Hi, I am new to the forum

    • Anonymous
      January 6, 2011 at 11:26 am

      At the end of June 2010 my brother was diagnosed with GBS and received plasma f…. (sp?), plasma replacement. He had been living with us since the middle of June. Because he had no income and we were already paying for his COBRA, we could not afford PT. He is doing okay and the doctors have released him from care, but he is doing absolutely no exercise or PT. We never did get a list of exercises or any info on how much to push and how often. I am trying not to get frustrated with him since I have no idea how he is feeling and or what he is going through. I thought I could get some insight from people who have been caregivers and or have had GBS. How much can I push him, should I push him, where do I even start? I would very much appreciate some advice.

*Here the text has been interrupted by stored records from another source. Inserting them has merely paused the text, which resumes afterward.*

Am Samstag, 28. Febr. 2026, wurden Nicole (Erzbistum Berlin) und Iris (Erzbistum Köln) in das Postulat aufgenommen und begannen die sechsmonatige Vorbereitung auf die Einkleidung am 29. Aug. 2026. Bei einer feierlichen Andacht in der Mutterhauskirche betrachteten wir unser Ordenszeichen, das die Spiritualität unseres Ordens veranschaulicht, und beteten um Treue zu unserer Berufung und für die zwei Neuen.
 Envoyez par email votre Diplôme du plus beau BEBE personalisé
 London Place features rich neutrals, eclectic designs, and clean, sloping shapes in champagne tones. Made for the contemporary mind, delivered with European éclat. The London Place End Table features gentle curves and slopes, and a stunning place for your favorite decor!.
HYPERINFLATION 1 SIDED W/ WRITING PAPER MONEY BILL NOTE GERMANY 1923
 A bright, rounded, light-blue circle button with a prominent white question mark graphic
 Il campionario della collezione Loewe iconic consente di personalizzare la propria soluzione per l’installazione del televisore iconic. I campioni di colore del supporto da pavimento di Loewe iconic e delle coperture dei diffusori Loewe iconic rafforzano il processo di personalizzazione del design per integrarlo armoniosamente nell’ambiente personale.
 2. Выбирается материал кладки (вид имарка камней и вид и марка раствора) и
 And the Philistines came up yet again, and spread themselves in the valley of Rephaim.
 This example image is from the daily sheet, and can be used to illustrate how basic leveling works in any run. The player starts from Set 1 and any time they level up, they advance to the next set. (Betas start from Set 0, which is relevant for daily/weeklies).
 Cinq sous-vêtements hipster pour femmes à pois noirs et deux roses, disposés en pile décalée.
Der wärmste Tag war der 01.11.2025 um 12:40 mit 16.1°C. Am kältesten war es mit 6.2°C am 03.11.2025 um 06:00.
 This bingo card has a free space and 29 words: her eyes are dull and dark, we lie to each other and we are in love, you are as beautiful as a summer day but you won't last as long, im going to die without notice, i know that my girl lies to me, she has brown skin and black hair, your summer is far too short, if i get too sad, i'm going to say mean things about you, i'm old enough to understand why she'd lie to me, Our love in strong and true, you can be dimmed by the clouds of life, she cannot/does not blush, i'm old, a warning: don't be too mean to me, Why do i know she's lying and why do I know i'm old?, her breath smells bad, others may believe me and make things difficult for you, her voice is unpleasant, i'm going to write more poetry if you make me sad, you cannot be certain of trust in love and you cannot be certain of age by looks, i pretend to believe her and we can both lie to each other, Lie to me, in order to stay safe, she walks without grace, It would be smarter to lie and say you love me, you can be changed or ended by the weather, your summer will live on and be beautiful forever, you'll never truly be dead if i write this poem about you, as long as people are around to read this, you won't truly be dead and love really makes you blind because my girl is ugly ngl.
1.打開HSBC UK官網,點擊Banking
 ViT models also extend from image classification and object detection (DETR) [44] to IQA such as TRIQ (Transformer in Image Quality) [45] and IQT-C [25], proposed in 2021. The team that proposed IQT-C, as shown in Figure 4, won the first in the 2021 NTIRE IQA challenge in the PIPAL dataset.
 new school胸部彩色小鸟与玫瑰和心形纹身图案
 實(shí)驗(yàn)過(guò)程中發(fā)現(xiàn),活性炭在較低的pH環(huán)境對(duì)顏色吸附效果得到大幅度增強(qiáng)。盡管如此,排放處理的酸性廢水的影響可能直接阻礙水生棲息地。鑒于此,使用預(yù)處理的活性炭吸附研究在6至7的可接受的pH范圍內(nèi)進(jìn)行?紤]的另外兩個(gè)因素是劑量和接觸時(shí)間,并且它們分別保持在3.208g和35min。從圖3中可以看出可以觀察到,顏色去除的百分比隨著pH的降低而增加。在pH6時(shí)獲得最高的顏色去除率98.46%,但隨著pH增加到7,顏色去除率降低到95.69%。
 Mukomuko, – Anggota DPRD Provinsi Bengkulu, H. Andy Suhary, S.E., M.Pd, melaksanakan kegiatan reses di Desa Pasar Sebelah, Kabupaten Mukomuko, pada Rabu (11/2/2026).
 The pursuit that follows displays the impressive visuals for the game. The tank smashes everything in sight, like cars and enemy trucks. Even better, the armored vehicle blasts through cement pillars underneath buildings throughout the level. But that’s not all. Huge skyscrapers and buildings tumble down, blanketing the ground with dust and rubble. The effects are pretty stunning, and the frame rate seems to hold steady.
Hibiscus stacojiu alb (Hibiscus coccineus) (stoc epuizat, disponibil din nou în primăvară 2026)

    • January 6, 2011 at 4:28 pm

      Not knowing your brothers physical condition it’s tough to say what he should or should not be doing but I thinks most would agree that a certain amount physical activity is important. Totaly understand what you are saying about the cost of PT. But even if this is not an option there are plenty of info on the web concerning exercises you may find helpful. Here is one….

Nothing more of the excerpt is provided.